Compounding imitation error: Supervised BC, while sample-efficient, is susceptible to compounding errors over long horizons (Ma et al., 2024).
Data reliance and coverage: Out-of-distribution states, rare contact modalities, or unrepresented domains challenge performance and generalization, especially for demonstration-driven learning (Wang et al., 2024, Kim et al., 2024).
Computational complexity: Multi-level diffusion and iterative refinement introduce significant computational and inference overhead, mitigated partially via snapshot denoising or speed-optimized schedulers (Wang et al., 2024, Grislain et al., 5 Mar 2026).
Hybrid and modularity issues: Tighter coupling and joint optimization of hierarchy levels, or hybridization with RL paradigms, remain research targets (Ma et al., 2024, Grislain et al., 5 Mar 2026).

Future directions prioritize integrated RL-based fine-tuning, end-to-end joint optimization, adaptive horizon planning, broader task-structure induction (e.g., Vision-LLM integration), and sim-to-real transfer with safety and robustness constraints (Ma et al., 2024, Grislain et al., 5 Mar 2026, Wang et al., 2024).

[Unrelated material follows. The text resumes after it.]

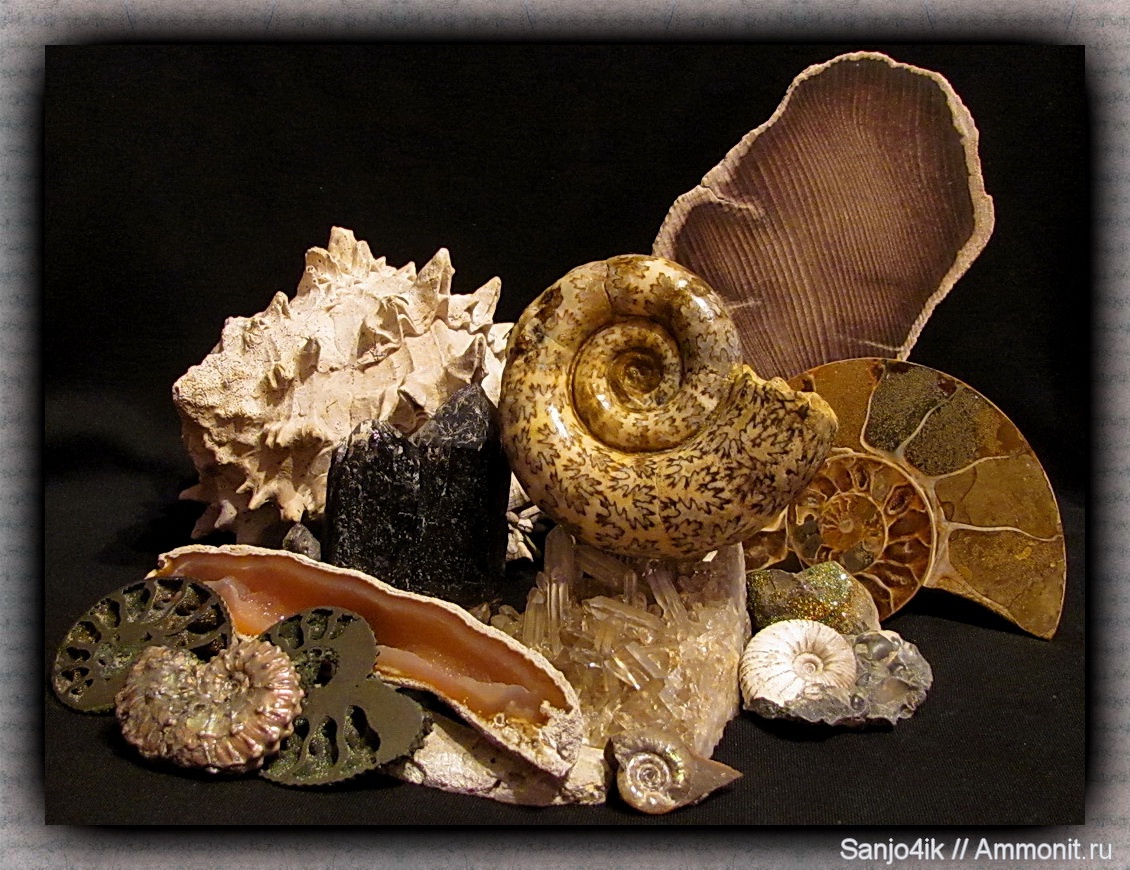 Красиво))) Особенно biasaloceras))) А хрусталь и морион (может волосатик)в море не росли...))). Но можно сказать "клад на дне палеоморя")))... И жеода красивая. Сердолик? | ||||||

6. Theoretical and Practical Impact

The development of HDP marks a shift toward generative, compositional, and structurally-informed control policies in sequential decision-making. The fusion of denoising diffusion models with hierarchical policy paradigms offers:

Direct modeling of highly multimodal and complex distributions over subgoals, plans, and skills, overcoming mode-collapse and representational shortcomings of adversarial or retrieval-based skill learning (Kim et al., 2024, Wang et al., 27 May 2025).
Tractable integration of task and motion priors, physical constraints, and context (e.g., object geometry, language) via structured conditioning and uncertainty-aware noise models (Kim et al., 30 Sep 2025, Lu et al., 12 May 2025).
Empirical gains in sample efficiency, generalization, robustness, and interpretability across domains as diverse as robot manipulation, navigation, and skill-based RL.

The broad applicability and modular extensibility of HDPs suggest continued relevance in domains where generative trajectory abstraction, structural composition, and hierarchical intent modeling are essential. The field is rapidly evolving toward integrated architectures combining learned structure, generative stochastic search, and hierarchical planning (Ma et al., 2024, Zeng et al., 26 Sep 2025, Kim et al., 30 Sep 2025, Wang et al., 2024).